#### Materials provided
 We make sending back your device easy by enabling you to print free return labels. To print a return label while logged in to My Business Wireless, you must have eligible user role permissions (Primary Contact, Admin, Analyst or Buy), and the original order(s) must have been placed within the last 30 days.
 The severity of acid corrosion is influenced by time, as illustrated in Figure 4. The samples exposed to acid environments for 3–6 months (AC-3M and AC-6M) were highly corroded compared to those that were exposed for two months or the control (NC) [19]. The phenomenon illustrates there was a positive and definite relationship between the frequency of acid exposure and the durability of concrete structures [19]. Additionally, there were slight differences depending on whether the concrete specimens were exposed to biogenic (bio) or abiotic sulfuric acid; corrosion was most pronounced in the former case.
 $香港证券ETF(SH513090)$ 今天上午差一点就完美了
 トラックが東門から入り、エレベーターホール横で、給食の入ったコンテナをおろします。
* * *
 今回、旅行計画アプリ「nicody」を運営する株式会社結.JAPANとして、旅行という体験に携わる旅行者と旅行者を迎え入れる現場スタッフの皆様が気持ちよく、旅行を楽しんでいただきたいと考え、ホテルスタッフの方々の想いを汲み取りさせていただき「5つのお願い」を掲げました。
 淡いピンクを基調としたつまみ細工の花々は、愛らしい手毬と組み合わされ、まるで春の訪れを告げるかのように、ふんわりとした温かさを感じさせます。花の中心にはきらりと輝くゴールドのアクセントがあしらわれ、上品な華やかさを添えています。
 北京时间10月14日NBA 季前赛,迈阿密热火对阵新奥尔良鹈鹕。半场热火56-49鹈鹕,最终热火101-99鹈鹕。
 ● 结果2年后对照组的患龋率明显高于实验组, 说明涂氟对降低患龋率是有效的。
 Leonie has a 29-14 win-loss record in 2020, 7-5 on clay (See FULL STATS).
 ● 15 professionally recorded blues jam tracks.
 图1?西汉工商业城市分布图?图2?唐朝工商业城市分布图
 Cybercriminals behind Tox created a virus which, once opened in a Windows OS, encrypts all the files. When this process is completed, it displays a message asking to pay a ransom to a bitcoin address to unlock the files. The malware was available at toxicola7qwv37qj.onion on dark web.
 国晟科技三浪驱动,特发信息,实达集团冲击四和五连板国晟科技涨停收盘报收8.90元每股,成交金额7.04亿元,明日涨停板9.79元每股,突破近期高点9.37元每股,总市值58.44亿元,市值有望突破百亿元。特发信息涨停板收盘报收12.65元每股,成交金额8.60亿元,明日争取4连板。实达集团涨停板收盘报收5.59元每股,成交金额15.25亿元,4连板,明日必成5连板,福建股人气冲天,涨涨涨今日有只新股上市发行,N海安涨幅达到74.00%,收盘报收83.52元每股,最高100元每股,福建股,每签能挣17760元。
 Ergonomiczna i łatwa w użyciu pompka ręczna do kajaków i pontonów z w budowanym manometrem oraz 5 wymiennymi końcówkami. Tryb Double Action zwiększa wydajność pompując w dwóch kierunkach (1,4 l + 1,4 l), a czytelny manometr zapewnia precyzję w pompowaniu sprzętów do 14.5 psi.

#### What the task asks
All that is wanted is an exact copy of the lines above from the one with "The severity of" through the one with "トラックが東門から入り、エレ", with both ends included.

#### Solved exercise
 The severity of acid corrosion is influenced by time, as illustrated in Figure 4. The samples exposed to acid environments for 3–6 months (AC-3M and AC-6M) were highly corroded compared to those that were exposed for two months or the control (NC) [19]. The phenomenon illustrates there was a positive and definite relationship between the frequency of acid exposure and the durability of concrete structures [19]. Additionally, there were slight differences depending on whether the concrete specimens were exposed to biogenic (bio) or abiotic sulfuric acid; corrosion was most pronounced in the former case.
 $香港证券ETF(SH513090)$ 今天上午差一点就完美了
 トラックが東門から入り、エレベーターホール横で、給食の入ったコンテナをおろします。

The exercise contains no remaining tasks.